Christmas is bad for workers’ productivity

Christmas is bad for workers’ productivity

Over 60% of employees are mentally distracted from their jobs by Christmas as early as mid-December, according to a new study from HR data analysis company Peakon.

Peakon’s survey questioned more than 2,000 workers in the UK about their work habits in the run up to the holiday season. Approximately six in ten admitted their productivity noticeably declines in the week before Christmas, which suggests workplace efficiency will start to falter on December 18. One-third of workers said they check out because of the natural decline in activity that many businesses experience as the holidays approach. 

However, four in ten people are online shopping instead of working, while one-third are planning Christmas day or their holiday break. Perhaps more alarmingly, 16% admitted to drinking on the job. 

Dan Rogers, the co-founder of Peakon, told CBS News that although this information was gathered from UK workers, it was likely American peers would be similarly distracted, “particularly with Thanksgiving having just been and gone.”

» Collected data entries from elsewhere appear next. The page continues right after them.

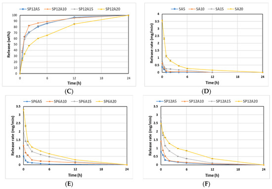 (A) SAy, (B) SP6Ay, and (C) SP12Ay drug-release plots. (D) SAy, (E) SP6Ay, and (F) SP12Ay release rate plots of the hybrid biomaterials.
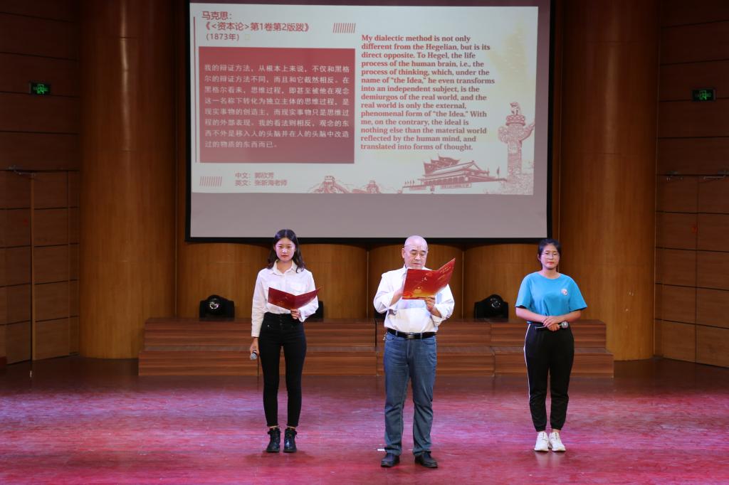 展演活动以中英文两种语言进行,公司党委书记刘会娟饱含深情地为大家介绍了马克思不平凡的一生,引起同学们对个人、学说与价值的思考。马克思主义公司教师李英、赵玉娟、王晓路等对经典选段的背景分析、思想发展逻辑的讲解、时代问题的解析;伟德教师安岩、张新海、邵黎明等带领员工用纯正英语进行精彩诵读,师生党员、积极分子声情并茂的表现,为大家带来一场精神盛宴。一幅幅画面,一段段文字,深深地打动了在场的每一位师生,大家仿佛走进了马克思生活的那个年代,与他的思想一同起舞,在反思与批判中感受精神的力量。当进行到“无产阶级的历史使命”一章时,刘建平副书记走上舞台,带领广大师生共同合唱国际歌,激情的歌声尽显无产阶级的战斗豪情和实现共产主义理想的坚强决心。在高昂的歌声中本次活动画上了圆满的记号。
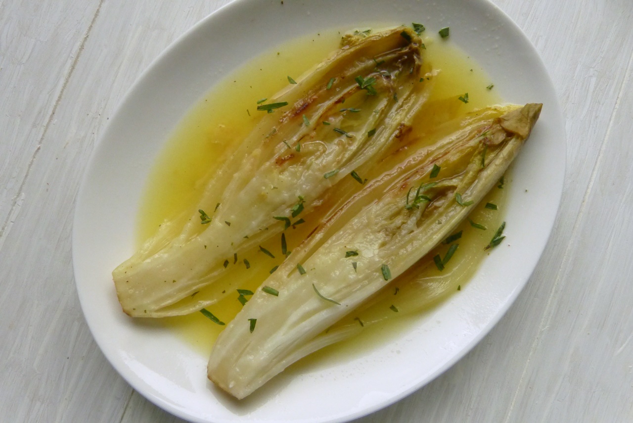 Nein, wir haben das nicht so blank gegessen. Es gab geschmorten Chicorée dazu…Bitterstoffe sollen ja bei der Verdauung helfen. Der Chicorée wird (nach Escoffier) ganz altmodisch mehliert, angebraten, dann in Weißwein und Fond fertig gegart. Das mache ich gerne mal wieder.
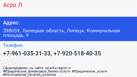 Агро-Л по адресу 398059, Липецкая область, Липецк, Коммунальная площадь, 9 в дальнейшем Организация, размещена в следующих категориях:
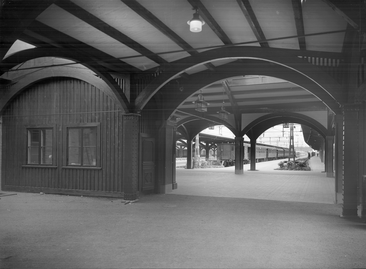 Utsikt från truckhallen mot plattformarna mot avgående tåg i Göteborg

Those between the ages of 25 and 34—millennials—are the most likely to be overwhelmed by holiday planning. They’re also the most likely to get distracted by workplace festivities. To counteract this, Peakon recommends companies hold their office parties later in December, since an early office party could signal to workers that they can wind down after the big event.   

Rogers believes that, "If you look after the well-being of your team, you'll ultimately get the best out of them.” 

This is a belief reflected by Eugenio Proto in his IZA World of Labor article, “Are happy workers more productive?” Proto explains that “[b]oth a temporary increase in happiness and long-term changes in baseline happiness are associated with greater productivity…Happiness seems to motivate greater effort, increasing output without affecting its quality and thus boosting productivity.” 

An important avenue for future research, Proto feels, is the possibility of self-reinforcing spirals—ones that might even operate at a macroeconomic level—of the effect running from happiness to productivity: “Happiness might lead to greater productivity in an economy, and that might in turn result in greater well-being in the population.”